2. Clarify the Sale Agreement

The sale agreement between you and the buyer should explicitly address who is responsible for paying out employee entitlements. There are two main scenarios to consider:

  • Employees Transfer to the Buyer

If employees remain with the new owner, their accrued entitlements (like annual leave and LSL) typically transfer to the buyer. The sale price may be adjusted to reflect this liability. Under Fair Work law, the buyer usually inherits the employees’ service continuity, which ensures their rights are preserved.

  • Employees Are Terminated

If employees are not retained by the new owner, you (the seller) must terminate their employment and pay out all entitlements owed, including redundancy if applicable. These payments must be processed before the business changes hands.

3. Notify and Communicate with Employees

Transparency with your team is critical. Inform them of the sale as early as possible, outlining their options and how their employment may be affected. If termination is required, provide the appropriate notice periods based on their tenure:

  • 1–3 years of service → 2 weeks’ notice
  • 3–5 years → 3 weeks’ notice
  • 5+ years → 4 weeks (add 1 extra week if the employee is over 45 years old).

Make sure employees receive their final payslips, which should detail all entitlements paid.
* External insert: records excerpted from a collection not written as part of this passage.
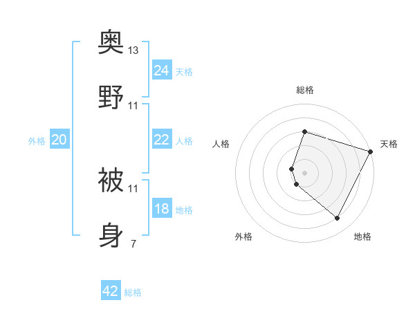 奥野 被身さんの天格は24画の5点!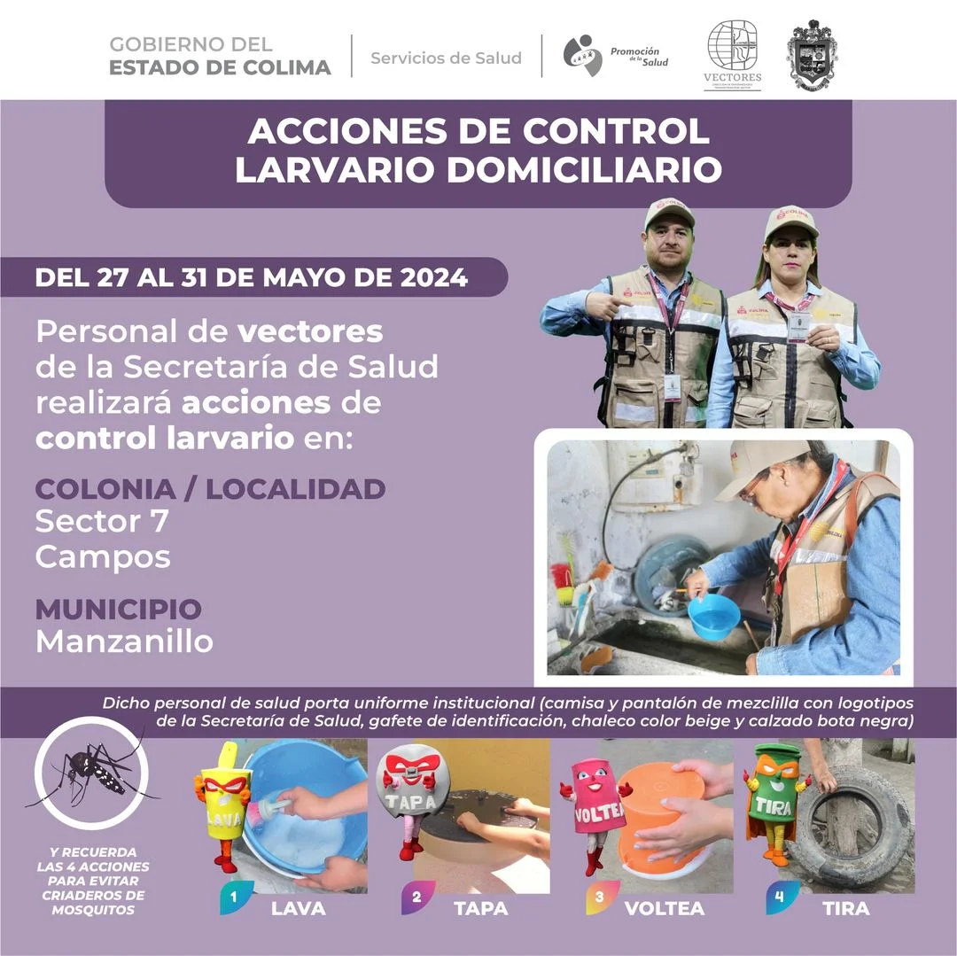 Esta semana, personal de vectores visitará localidades del municipio de Manzanillo como parte del refuerzo de las acciones de combate al dengue, zika y chikungunya.
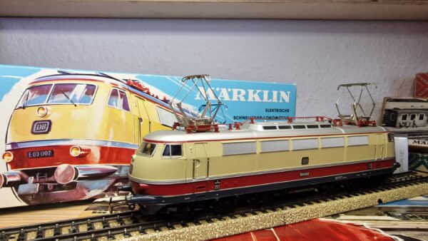 Bauzeit: 1966 – 1968, BR-Nr. E 03 002 auf erhabenen schwarzen Schildern, Frontschürzen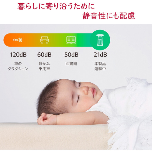 スリープモードの場合、木の葉がふれあう程度の音と言われる21dBで運転し、いつでもどこにおいても暮らしの邪魔をしません。
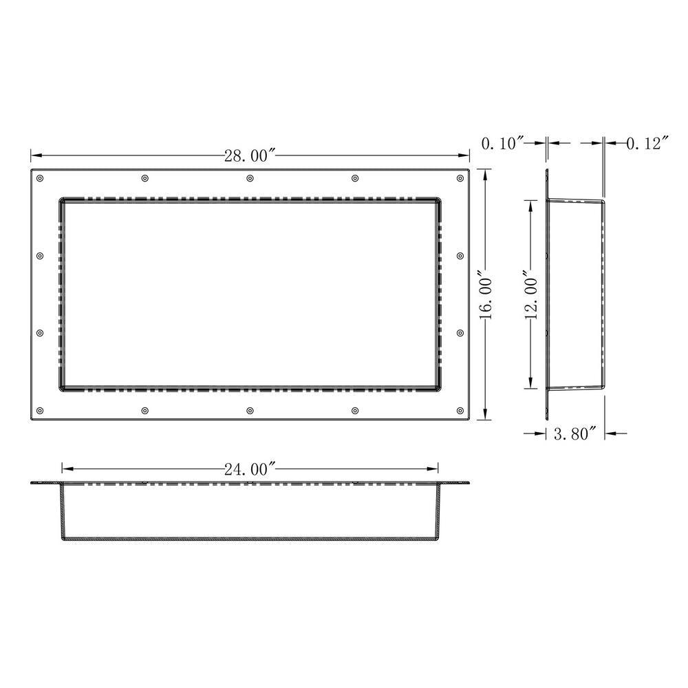 Concerned about mold and leakage in your contractor handmade niche in the shower, Look no further. Our prefabricated recessed niche is ready to tile. Constructed from ABS is lightweight, but very durable material, it is virtually indestructible without the clutter and leaks. Handmade niches typically experiences major problems in the long run, however with the prefabricated niche, it will not mold, mildew, rust or leak and 100% guarantee waterproof and leak-proof. Tile set directly on niche surface simple and quick install vertically or horizontally depending on your design. Fits standard wall framing. Make your shower niche a design focal point and still be able to place your shower necessities. Multiples sizes available suitable for your bathroom design. Dimensions: Overall 16 in. x 28 in. x 3.75 in. Inside: 12 in. x 24 in. x 3.7 in. in. Simple installation can be done in few easy steps compare with traditional handmade shower niche need to take about 4-hours to finish100% guarantee waterproof and leak-proof. Compare with handmade shower niche it will have a high chance to leak and cause mold problem Constructed with light weight and durable ABS material, strong bond with polymer modified thin-set mortar Can be install vertically or horizontally according to your bathroom design Overall Dimension: 16 in. x 28 in. x 3.75 in. I.D.: 12 in. x 24 in. x 3.75 in.
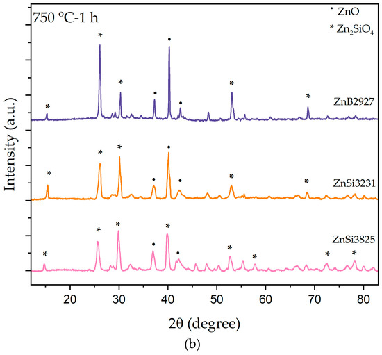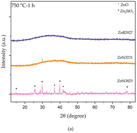 Figure 4 illustrates XRD patterns of both bulk and powder forms of samples at 750 °C for 1 h. As a result of heat treatment, ZnSi3825 bulk samples exhibited mainly opaque appearances, and ZnB2927 and ZnSi3231 bulk samples were opaque only on the surface. ZnO (zinc oxide) and Zn2SiO4 (willemite) phases were identified in the XRD patterns of powder and bulk forms of ZnSi3825. Although powder ZnB2927 and ZnSi3231 samples showed amorphous structures, surface crystallization was observed in these samples. ZnO and willemite phase peaks were present in the XRD pattern. When comparing XRD results at 750 °C, the formation of the willemite phase was more intense in the ZnSi3825 sample, which had the maximum amount of ZnO.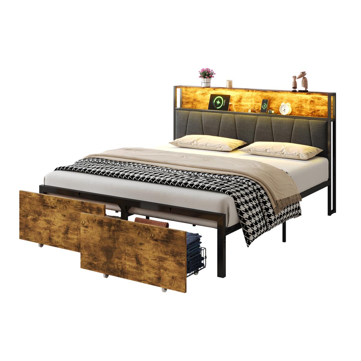 This bed frame has ample storage space, you can store blankets, storage boxes, toys and others in the storage drawers, headboard storage and under bed space to make your bedroom neat and organised. Its bedside equipped with Type-C port, USB port and a power outlet ensure your devices are always charged and ready to use. Combined RGB LED stripe, this upholstered bed frame can lend chic and subtle beauty to your bedroom. The headboard padded with high resilience sponge and covered soft linen fabric to give you better support when reading and relax. Its rustic wood finish imparts a cozy charm, enhancing the ambiance and creating a warm and welcoming environment.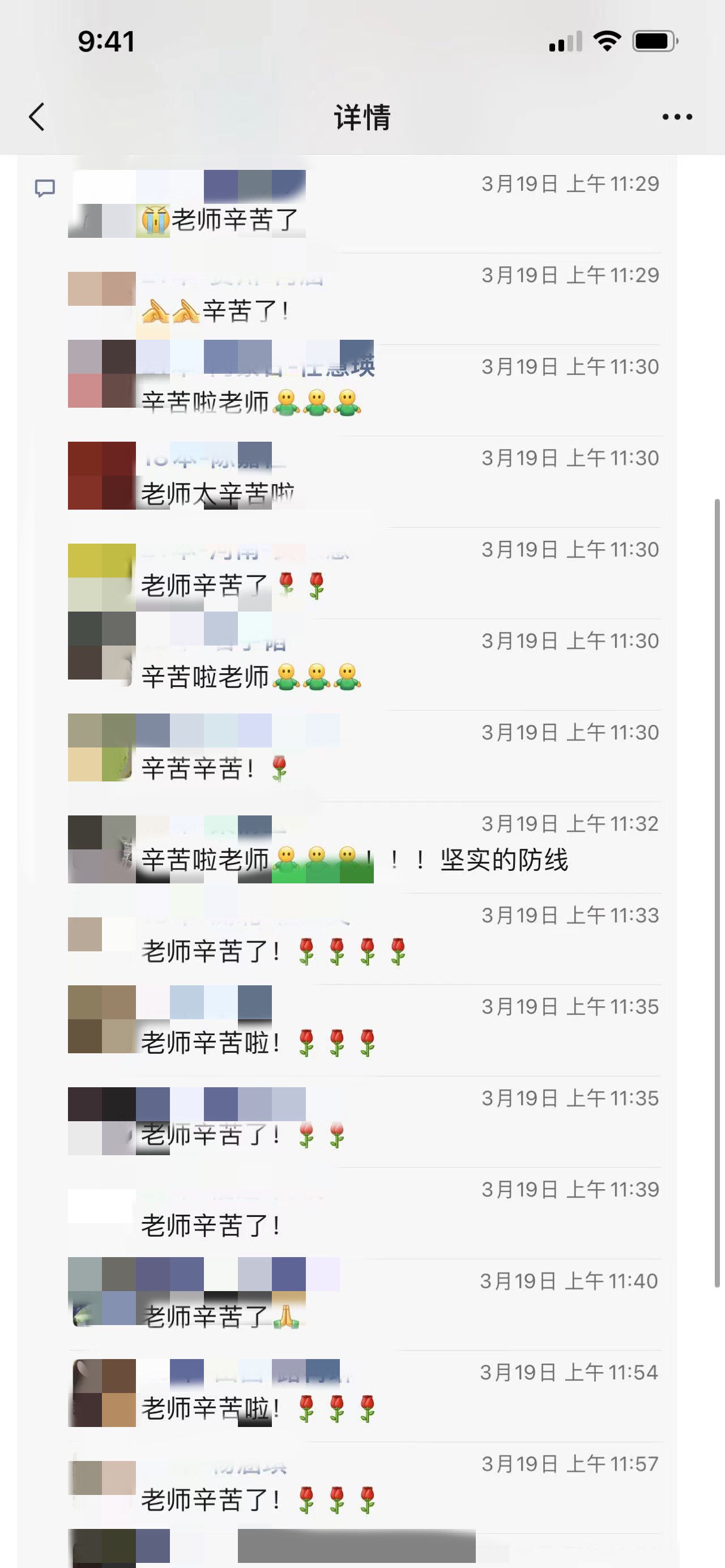 老师,辛苦了!“老师辛苦啦!老师注意休息!”同学们纷纷在老师朋友圈和微信群内留下感人话语。“我的厦大我守护!”志愿者招募刚刚发布,学生们应者云集,一呼百应、迅速集结。不到一天的时间,就有34名同学踊跃报名,目前这批队员已投身到此次抗击疫情的多个岗位。同学们说,这几天,常说的话是老师辛苦了!但或许老师们也想说,这场风雨同舟的双向奔赴比窗外明媚的春光还要浪漫。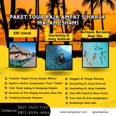Paket Tour Raja Ampat 5 Hari 4 Malam ini tidak hanya memberikan akses ke spot-spot terbaik, tetapi juga menggabungkan antara wisata petualangan, edukasi, dan relaksasi dalam satu rangkaian. Dengan tim profesional dan itinerary, Anda tidak perlu khawatir soal logistik maupun kenyamanan. Setiap aktivitas telah dirancang agar peserta mendapatkan pengalaman maksimal dalam waktu yang efisien.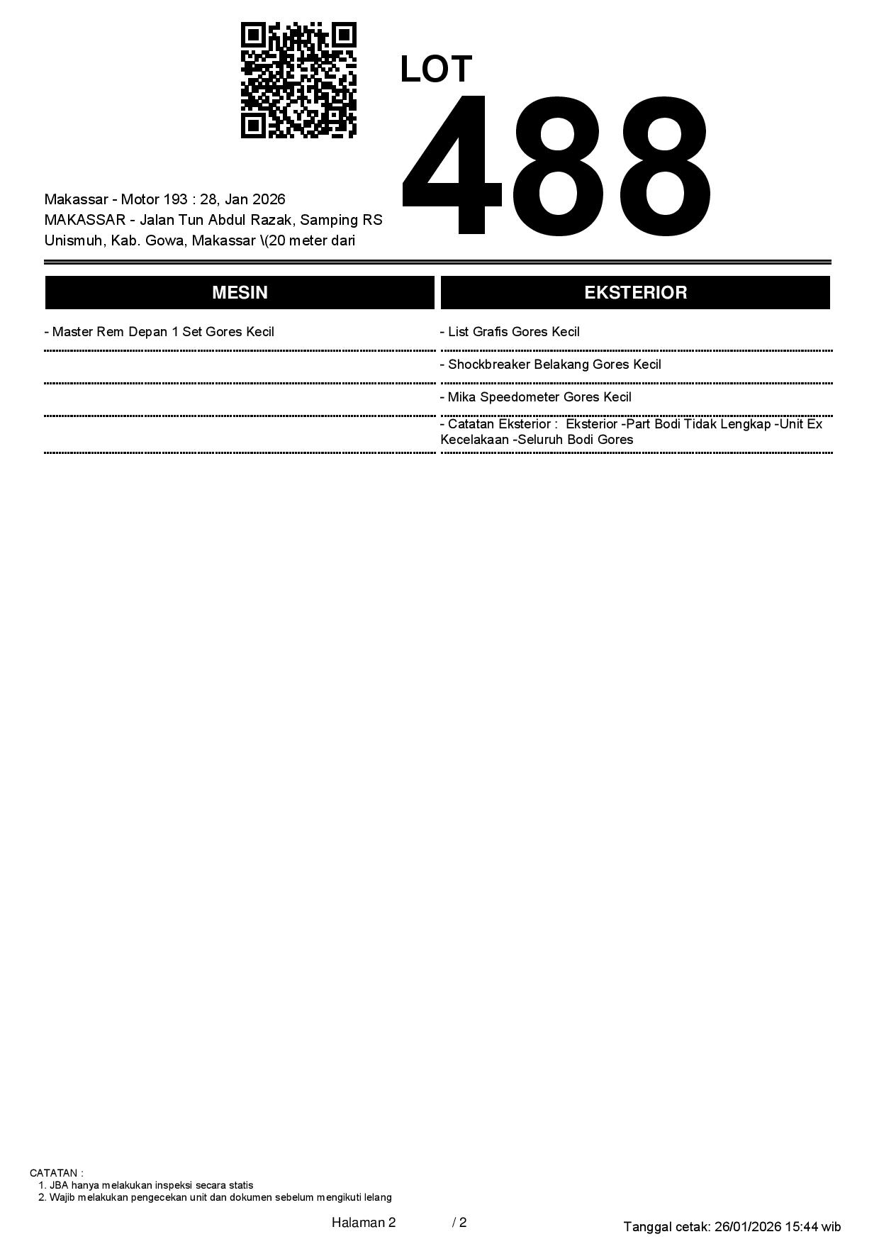 2. Peserta lelang wajib cek unit & dokumen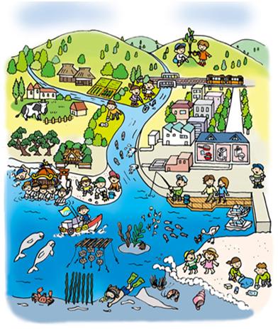 Figure 1.5. The concept of Sato-umi, where humans interact with the aquatic environment for mutual benefit: (a) Japanese Ministry of the Environment (2015); (b) Yanagi (2007)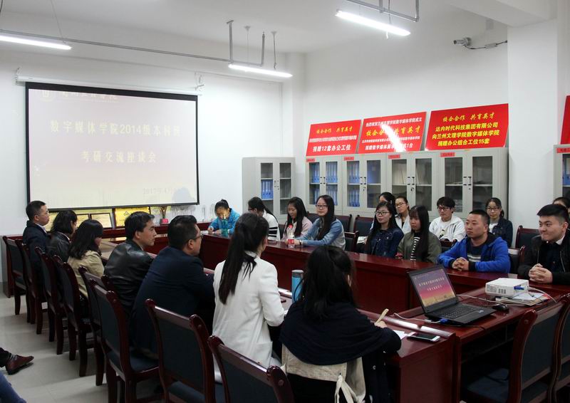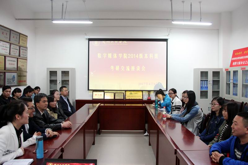 努力拼搏,放飞考研梦想;激情飞扬,彰显青春魅力。为进一步加强同学们对研究生入学考试的认识,了解前沿的就业形势,增强同学们的考研斗志,2017年4月6日中午,在yl7703永利会议室召开yl7703永利2014级本科考研交流座谈会。会议由主管教学的邢玉娟副院长主持,教务处副处长胡建军教授、校团委书记孙亮副教授、在读博士李志浩,史宝明副教授、张云副教授、李岚副教授、尹喆老师以及数媒学院2014级本科班有意向考研的三十多位同学参与本次座谈会。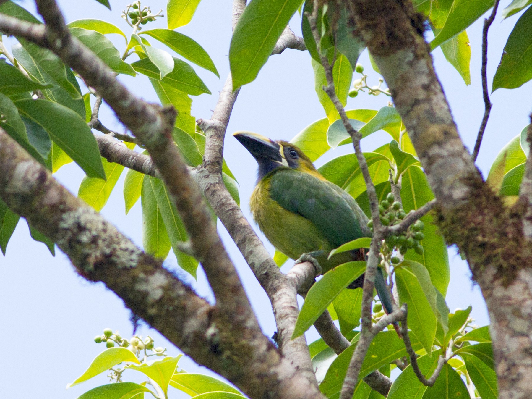 Blue throated toucanet. The blue throated toucanet aulacorhynchus caeruleogularis is a near passerine bird living in the mountain forests of costa rica and western panama. The violet throated toucanet was formerly considered as a separate species a. Blue throated toucanet aulacorhynchus caeruleogularis.

4. Calculate and Pay Entitlements

Once responsibilities are clarified, calculate entitlements accurately and ensure payments are processed promptly. Payments must comply with tax (PAYG) and superannuation requirements. If employees transfer to the buyer, provide the new owner with clear records of accrued entitlements.

5. Address Long Service Leave

Handling long service leave (LSL) requires special attention. If employees transfer to the new owner, their LSL entitlements generally carry over. If they’re terminated, you must pay out any qualifying LSL amounts. Refer to state-specific rules for exact thresholds, as they vary.

For example:

  • NSW → Employees with 5+ years of service may qualify for pro-rata LSL if terminated.
  • VIC → Employees with 7+ years of service are eligible for pro-rata LSL for most termination scenarios.

6. Seek Professional Advice

Employee entitlements can be a legally complex area. Engaging a professional—such as an accountant, lawyer, or HR consultant—ensures compliance with employment law and avoids costly mistakes.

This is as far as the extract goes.